An Uncanny blog from a Baleful child

Shit Happens. Life sucks, and then, you die.






God sure has a very twisted sense of humor.

This is the tale of a Girl who has lots o'time to spare

Come take a glimpse of the world I live in... Where neighbors seldom love you, where people have more hair on their armpits than their heads, Where grammatical errors are are a way of life, and everyone is 26.
And that's just their IQ, nevermind their age!

Friday, March 19, 2010

Pink Panther is a Giant Rock

Have you ever laughed so hard that you wet the place where you were sitting?
I haven’t. I just haven’t met with someone who has, so, just checking.
Well, I have laughed so hard today, I think I just gave myself a hernia. And, no, it’s not because I realized that the idiot on third was doing a man. I watched Pink Panther today for the hundredth time.
To all those who do not know already –I have no life.
There’s this inspector here with the name Clousseau. And boy! Is that guy a LUNATIC! He left Romeo wayyy behind him.
What?
Romeo and Juliet wasn’t a tragic love story. It was a comedy.
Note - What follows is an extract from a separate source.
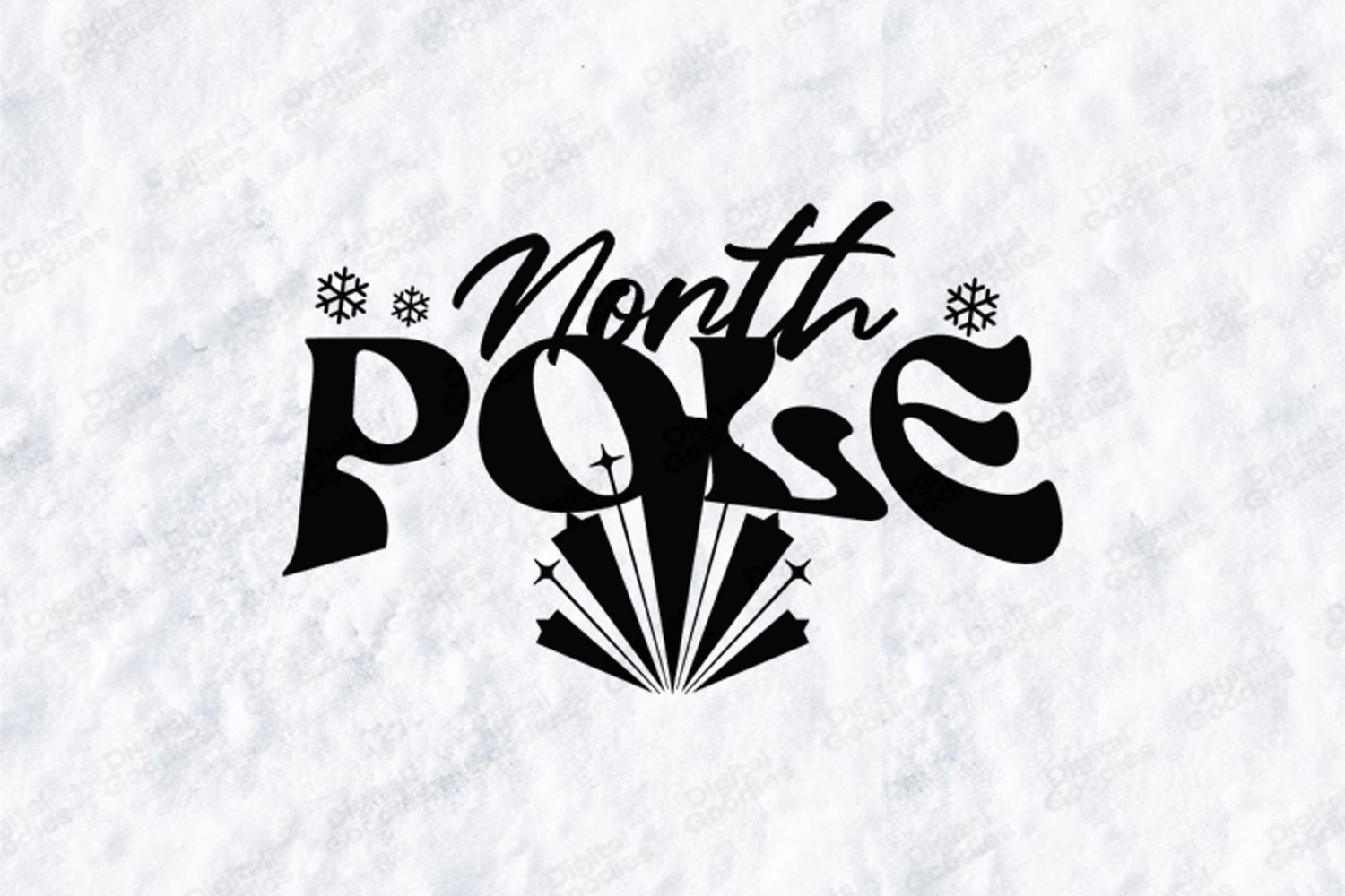 Capture the spirit of the festive season with the stylish "North Pole" typography design. This high-quality digital illustration features a modern, playful font with "North" in an elegant script and "POLE" in a bold, wavy typeface. Accented with delicate snowflakes and a radiant, starburst-style graphic, this design is perfect for creating professional holiday t-shirts, festive home decor, and winter-themed decals with the included high-resolution files.

It all starts with Romeo , a young vivacious boy who is actually in love with a pretty little thing, christened Rosaline. She is –by no means whatsoever –Juliet. She doesn’t love him. He wants to die.
He goes to a ball, in a final attempt to win Rosaline’s heart. He meets Juliet and miraculously forgets about Rosaline. That’s the typical red-blooded male for you!
She loves him, too, but she’s actually the daughter of a family foe. He cannot have her. He wants to die.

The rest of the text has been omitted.